Prior to Ramos v. Louisiana making its way up to the Supreme Court, 48 states and federal courts already required a unanimous conviction for most criminal charges. Louisiana and Oregon were both outliers, permitting 10-2 verdicts.

Evangelisto Ramos was convicted in 2015 of second-degree murder by one of those split juries in Louisiana. He challenged his conviction, hoping the Supreme Court would affirm that the Sixth Amendment required unanimous convictions and that this provision applies to state convictions under the 14th Amendment, not just federal convictions.

Today he got his wish. The ruling is rather complicated in part because of a Supreme Court ruling from 1972, Apodaca v. Oregon, which upheld non-unanimous verdicts for state courts. Today's decision reverses Apodaca, and that helps explain the unusual combination of dissenters. Supporting today's ruling (in various degrees and for varying justifications) were justices Neil Gorsuch (who wrote the decision), Ruth Bader Ginsburg, Stephen Breyer, Sonia Sotomayor, Brett Kavanaugh, and Clarence Thomas. Opposing were Chief Justice John Roberts, Samuel Alito (who wrote the dissent), and Elena Kagan.

Gorsuch's ruling notes that the implementation of Louisiana's and Oregon's non-unanimous convictions were deeply and openly rooted in racism. They were designed so that black members of the jury could be overruled by white jurors to convict black defendants. It's not even a controversial interpretation of what happened. Leaders in the states who pushed these jury rules were very open about it at the time. And despite the Apodaca ruling, the Supreme Court has regularly held in at least 13 other rulings that the Sixth Amendment requires unanimity. Gorsuch writes:

This Court has, repeatedly and over many years, recognized that the Sixth Amendment requires unanimity. As early as 1898, the Court said that a defendant enjoys a "constitutional right to demand that his liberty should not be taken from him except by the joint action of the court and the unanimous verdict of a jury of twelve persons." A few decades later, the Court elaborated that the Sixth Amendment affords a right to "a trial by jury as understood and applied at common law…includ[ing] all the essential elements as they were recognized in this country and England when the Constitution was adopted."

Sotomayor wrote a concurring ruling to emphasize that Apodaca was a particularly unique ruling that was simply irreconcilable with other rulings about the Sixth Amendment and its application to jury unanimity. She notes that stare decisis—the legal principle that the Supreme Court should be reluctant to overturn past precedents—is at its weakest when those previous decisions "implicate fundamental constitutional protections." Kavanaugh also wrote separately to take note, like Sotomayor, of the number of times that the court has abandoned stare decisis to overrule any number of former Supreme Court precedents and declares the Apodaca ruling "egregiously wrong." Thomas wrote separately to concur with the judgment but to argue that the Privileges and Immunities Clause of the Fourteenth Amendment, not the Due Process Clause, calls for the reversal of Apodaca.

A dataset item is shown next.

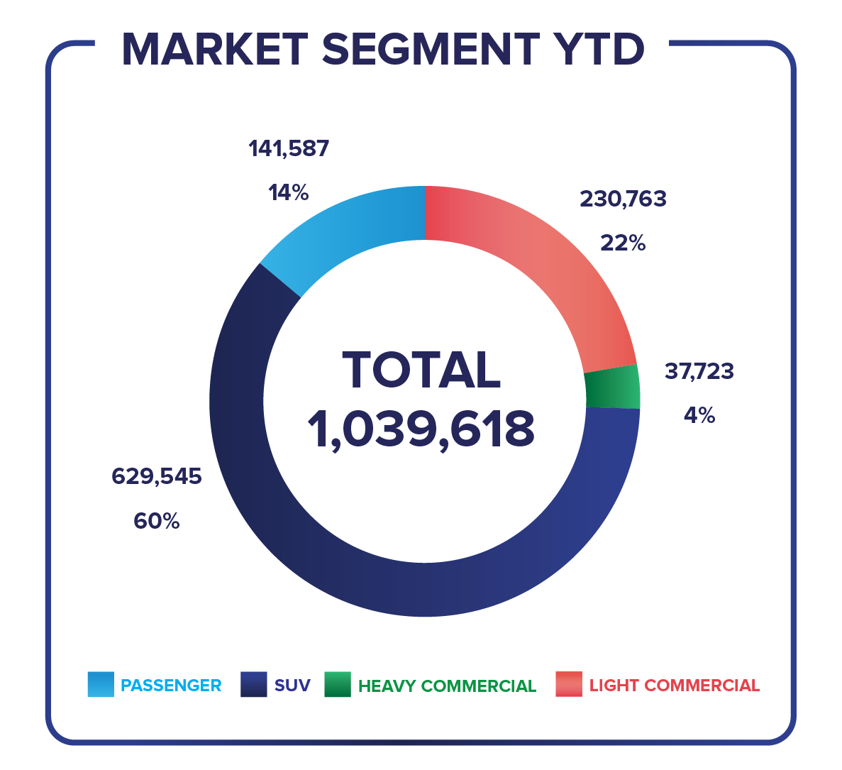 Market segment data shows SUVs remain the dominant preference for Australian motorists, representing 60 per cent of total sales year-to-date. Passenger vehicles accounted for 22 per cent, with light commercials at 14 per cent and heavy commercials at 4 per cent.

The reason for the dissent by Roberts, Alito, and Kagan is not because the three are big fans of racially motivated conviction guidelines but because they are concerned about potential impacts of this deviation from stare decisis. Alito is concerned that Oregon and Louisiana may now have to go back and contend with these non-unanimous verdicts.

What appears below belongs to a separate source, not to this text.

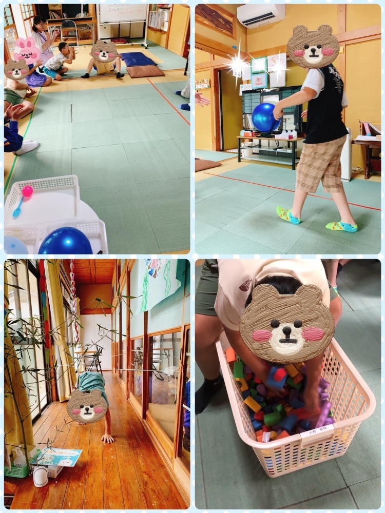 ①片足立ち→前転→座布団移動→ボール運び→ゴムくぐり→指令書を探し宝物をゲットする

Ultimately, the ruling seems to be much less about jury decisions in general (Louisiana voters subsequently passed a referendum in 2018 requiring unanimous jury decisions), and more about the circumstances by which the Supreme Court overturns previous precedents and its meaning for future cases that might come before the court. As Jonathan Adler at The Volokh Conspiracy notes, Kagan is one of the court's strongest supporters of stare decisis, explaining why she might break from some colleagues she's typically aligned with for this case. Analysis of this case may revolve less around what it means for criminal justice (though certainly establishing that criminal verdicts must be unanimous is important) and more around what it means for controversial challenges to past Supreme Court rulings that might be taken up in the future.

Read the verdict here.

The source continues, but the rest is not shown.